Honda, a long-time Dassault customer, is taking a similar tack of careful planning and moving only the data it needs as part of its ongoing transition toward increased virtualization and digital manufacturing using Dassault Systèmes’ 3DEXPERIENCE platform. For example, when implementing a new model process planning tool to help engineers create an efficient workflow for assembly, the company realized it only needed some of the CAD data in the new tool.
“We had a legacy tool that was only text-based. It was really a valuable tool for our process engineers for what we had at the time, but we couldn’t take advantage of the 3D data that was being generated by R&D,” said Ron Emerson, associate chief engineer, Honda North America, during his presentation at the Dassault Systèmes 3DEXPERIENCE Forum in October last year. “We couldn’t take advantage of all the data that came along with that. It was really hard for the process planners to visualize what they were assembling.”

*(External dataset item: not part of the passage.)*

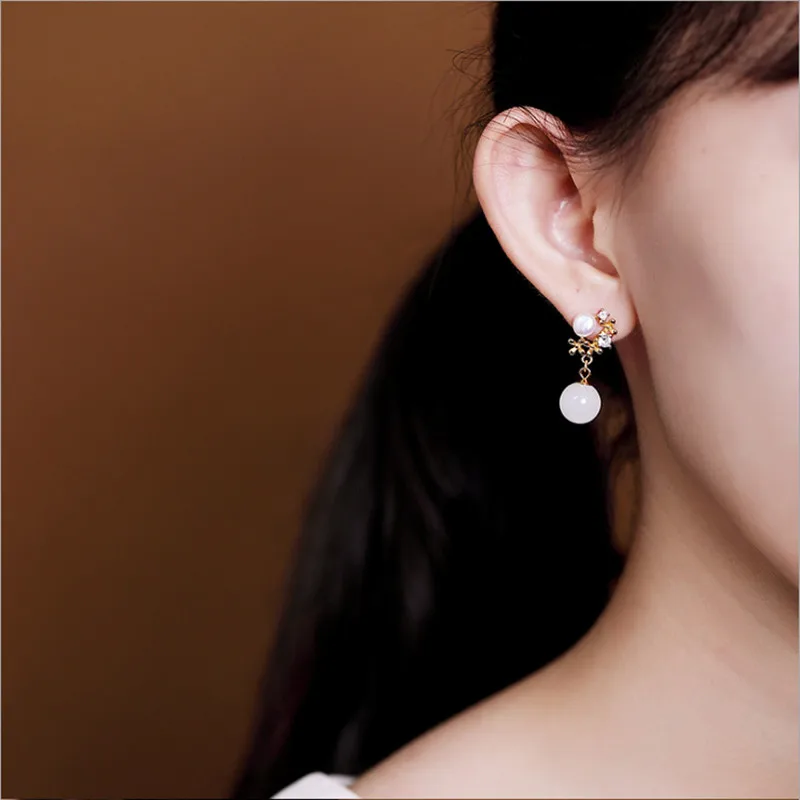 Женские серьги из серебра 100% пробы, с натуральным нефритом

The requirements for the more visual tool included fast and simple part visualization. Honda worked with Dassault to develop the new model planning structure application, which helps engineers quickly see when they’ve dragged and dropped all the required parts into an assembly sequence. The new tool provides Honda with the ability to load an entire vehicle into a session 80% faster using lightweight data, rather than all of the heavy mathematics of the full CAD data.
“Both strategies are valid and you make the decision on a customer-by-customer, application-by-application basis,” says ITI Global’s Makoski, which promotes a multistep process for PLM migration, including exporting, transforming, aggregating and loading.
Evolving Technologies
PTC offers a range of choices to ease the migration burden, promoting multiple levels of migration and integration and the idea data should live where it works best. For lightweight, spontaneous access to data in PLM or SAP platforms, mainstream users can tap the new ThingWorx Navigate to aggregate data, enabling them to look at a parts structure as a part of a bill of materials (BOM), for example, without going through the pain of a big migration project, says Mark Taber, vice president of marketing for the PLM group.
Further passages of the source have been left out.